> **Assignment**
Nothing should appear in the answer except the lines below from the line containing "Adidas Women Activewear" through the line containing "If you want", copied exactly, with pictures left out.

> **Records provided**
=== Begin Enclosure ===

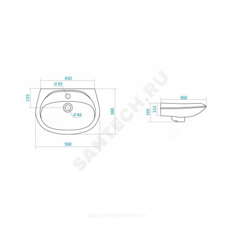 | Наименование производителя | Раковина Santek Бриз 50 |
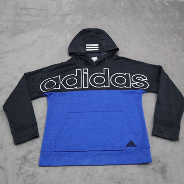 Adidas Women Activewear Hoodie Sweatshirt Colorblock Pocket Blue Black SZ 10/12
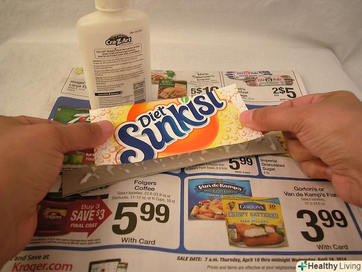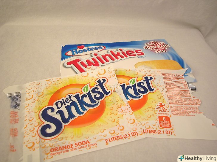 Візьміть яскраві етикетки з банки, пляшки або іншої ємності.
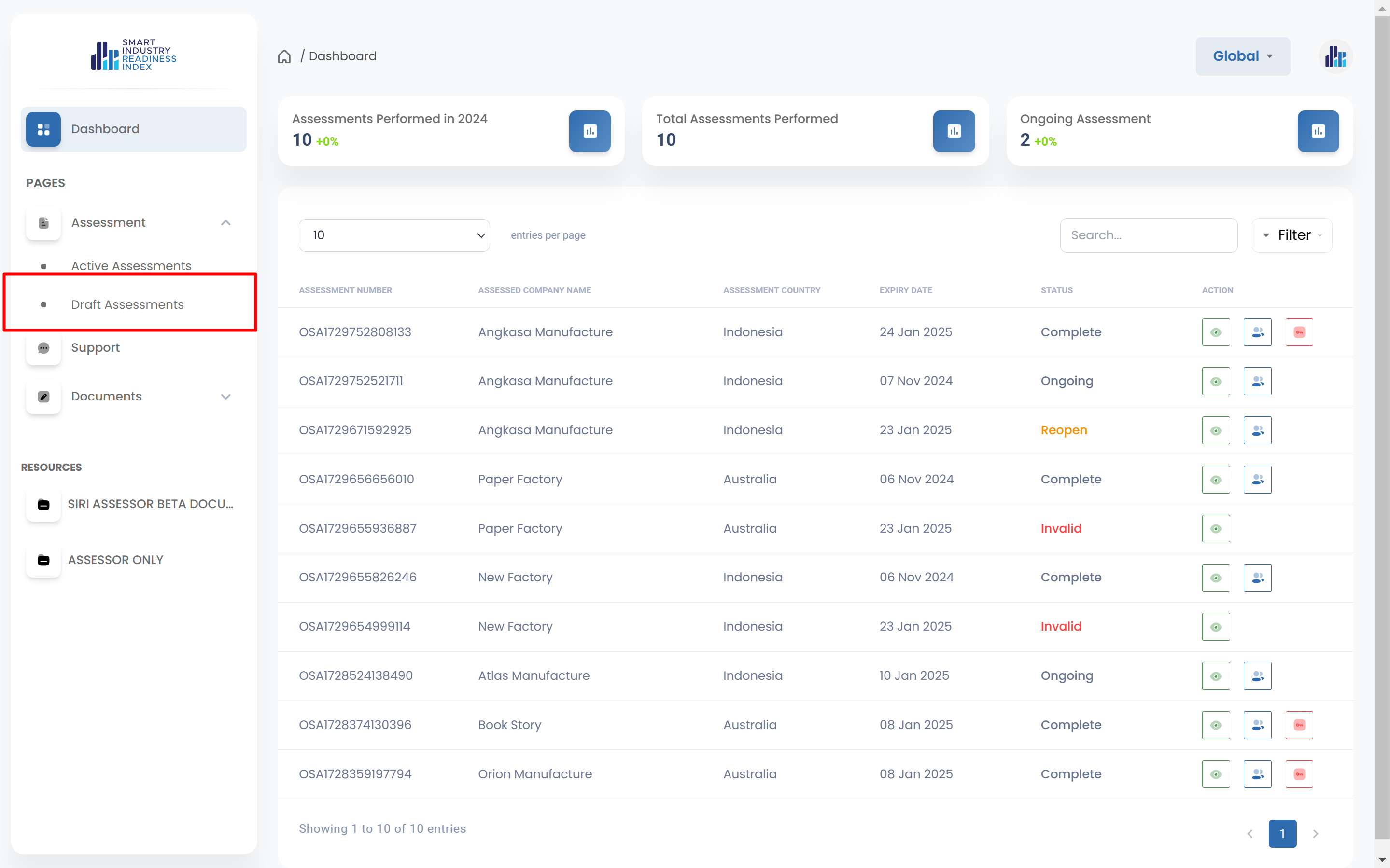 If you want to see your draft assessment, click on the 'Draft Assessment' menu.
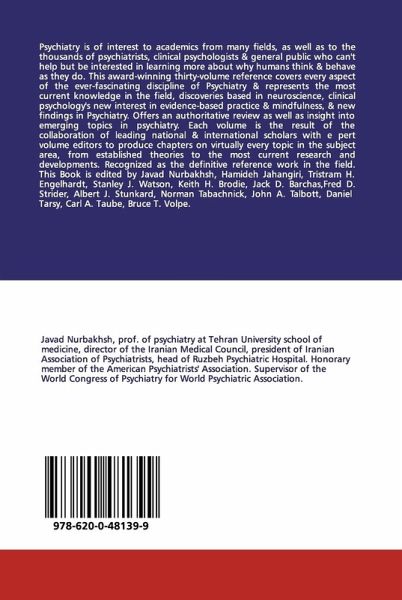 Psychiatry is of interest to academics from many fields, as well as to the thousands of psychiatrists, clinical psychologists & general public who can't help but be interested in learning more about why humans think & behave as they do. This award-winning thirty-volume reference covers every aspect of the ever-fascinating discipline of Psychiatry & represents the most current knowledge in the field, discoveries based in neuroscience, clinical psychology's new interest in evidence-based practice & mindfulness, & new findings in Psychiatry. Offers an authoritative review as well as insight into emerging topics in psychiatry. Each volume is the result of the collaboration of leading national & international scholars with e pert volume editors to produce chapters on virtually every topic in the subject area, from established theories to the most current research and developments. Recognized as the definitive reference work in the field. This Book is edited by Javad Nurbakhsh, HamidehJahangiri, Tristram H. Engelhardt, Stanley J. Watson, Keith H. Brodie, Jack D. Barchas,Fred D. Strider, Albert J. Stunkard, Norman Tabachnick, John A. Talbott, Daniel Tarsy, Carl A. Taube, Bruce T. Volpe.
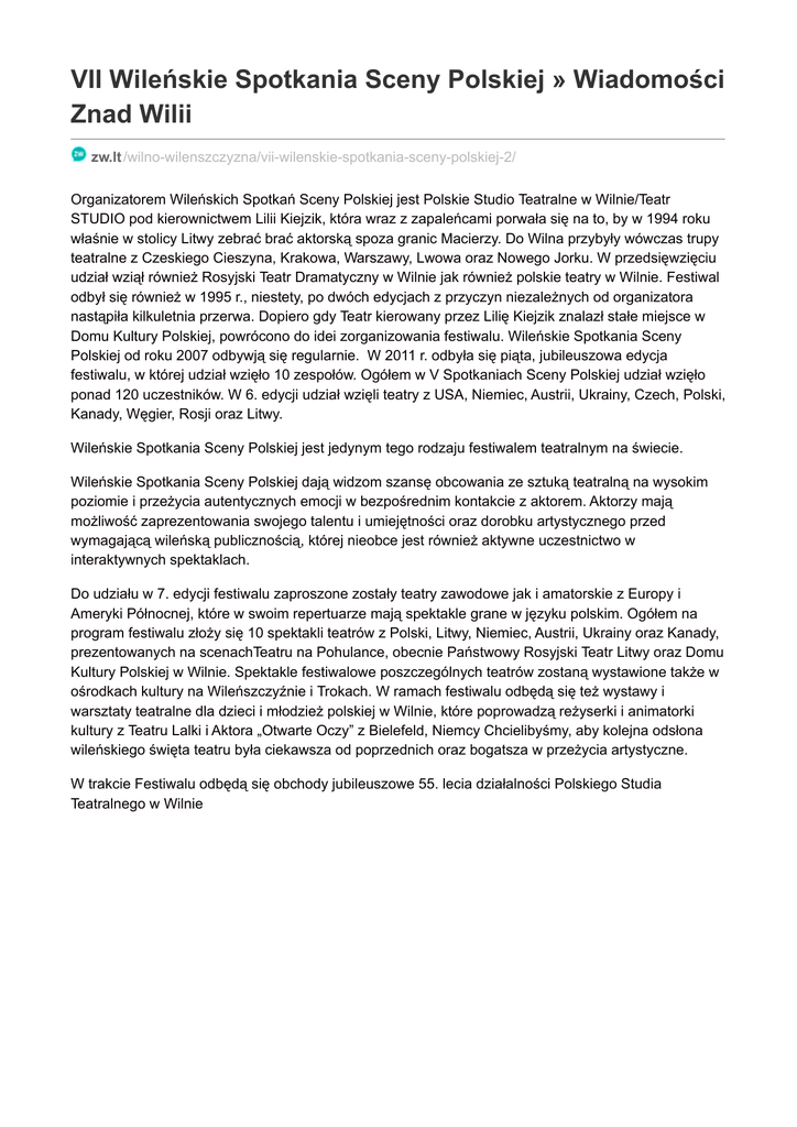 VII Wileńskie Spotkania Sceny Polskiej » Wiadomości Znad Wilii zw.lt /wilno-wilenszczyzna/vii-wilenskie-spotkania-sceny-polskiej-2/ Organizatorem Wileńskich Spotkań Sceny Polskiej jest Polskie Studio Teatralne w Wilnie/Teatr STUDIO pod kierownictwem Lilii Kiejzik, która wraz z zapaleńcami porwała się na to, by w 1994 roku właśnie w stolicy Litwy zebrać brać aktorską spoza granic Macierzy. Do Wilna przybyły wówczas trupy teatralne z Czeskiego Cieszyna, Krakowa, Warszawy, Lwowa oraz Nowego Jorku. W przedsięwzięciu udział wziął również Rosyjski Teatr Dramatyczny w Wilnie jak również polskie teatry w Wilnie. Festiwal odbył się również w 1995 r., niestety, po dwóch edycjach z przyczyn niezależnych od organizatora nastąpiła kilkuletnia przerwa. Dopiero gdy Teatr kierowany przez Lilię Kiejzik znalazł stałe miejsce w Domu Kultury Polskiej, powrócono do idei zorganizowania festiwalu. Wileńskie Spotkania Sceny Polskiej od roku 2007 odbywją się regularnie. W 2011 r. odbyła się piąta, jubileuszowa edycja festiwalu, w której udział wzięło 10 zespołów. Ogółem w V Spotkaniach Sceny Polskiej udział wzięło ponad 120 uczestników. W 6. edycji udział wzięli teatry z USA, Niemiec, Austrii, Ukrainy, Czech, Polski, Kanady, Węgier, Rosji oraz Litwy. Wileńskie Spotkania Sceny Polskiej jest jedynym tego rodzaju festiwalem teatralnym na świecie. Wileńskie Spotkania Sceny Polskiej dają widzom szansę obcowania ze sztuką teatralną na wysokim poziomie i przeżycia autentycznych emocji w bezpośrednim kontakcie z aktorem. Aktorzy mają możliwość zaprezentowania swojego talentu i umiejętności oraz dorobku artystycznego przed wymagającą wileńską publicznością, której nieobce jest również aktywne uczestnictwo w interaktywnych spektaklach. Do udziału w 7. edycji festiwalu zaproszone zostały teatry zawodowe jak i amatorskie z Europy i Ameryki Północnej, które w swoim repertuarze mają spektakle grane w języku polskim. Ogółem na program festiwalu złoży się 10 spektakli teatrów z Polski, Litwy, Niemiec, Austrii, Ukrainy oraz Kanady, prezentowanych na scenachTeatru na Pohulance, obecnie Państwowy Rosyjski Teatr Litwy oraz Domu Kultury Polskiej w Wilnie. Spektakle festiwalowe poszczególnych teatrów zostaną wystawione także w ośrodkach kultury na Wileńszczyźnie i Trokach. W ramach festiwalu odbędą się też wystawy i warsztaty teatralne dla dzieci i młodzież polskiej w Wilnie, które poprowadzą reżyserki i animatorki kultury z Teatru Lalki i Aktora „Otwarte Oczy” z Bielefeld, Niemcy Chcielibyśmy, aby kolejna odsłona wileńskiego święta teatru była ciekawsza od poprzednich oraz bogatsza w przeżycia artystyczne. W trakcie Festiwalu odbędą się obchody jubileuszowe 55. lecia działalności Polskiego Studia Teatralnego w Wilnie
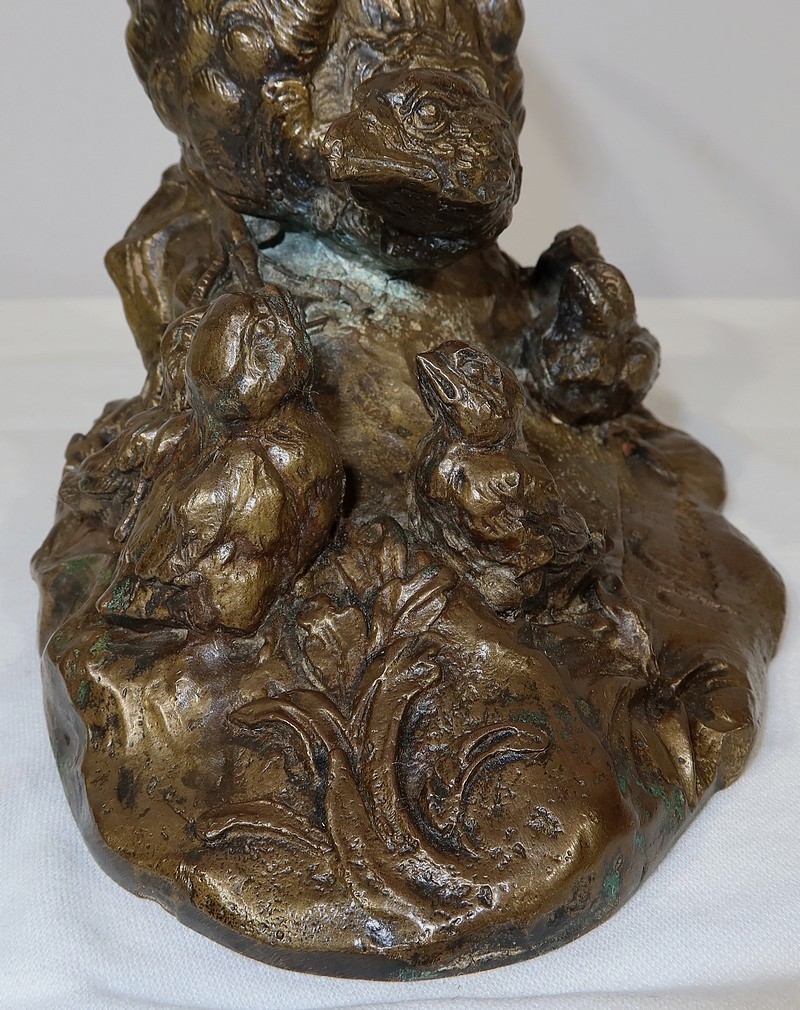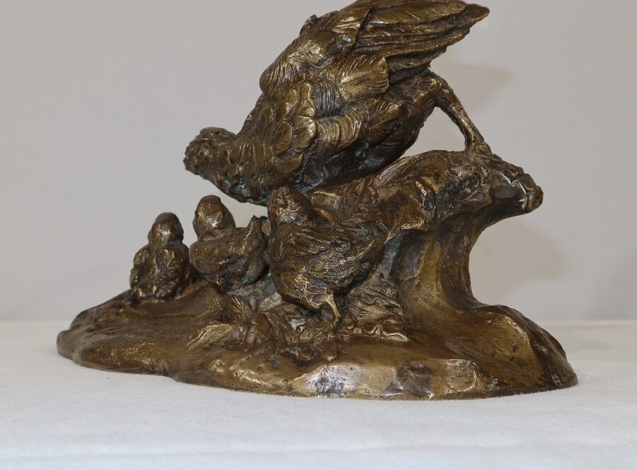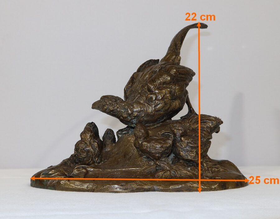 Cette sculpture animalière touchante et parfaitement exécutée, nous montre cette famille d’oiseaux dans son milieu naturel, entourée d’herbe et de feuillages. La faisane est en alerte penchée vers ses petits, la queue surélevée. Ils la regardent, attentifs.

=== End Enclosure ===

> **Solution for this problem**
 Adidas Women Activewear Hoodie Sweatshirt Colorblock Pocket Blue Black SZ 10/12
 Візьміть яскраві етикетки з банки, пляшки або іншої ємності.
 If you want to see your draft assessment, click on the 'Draft Assessment' menu.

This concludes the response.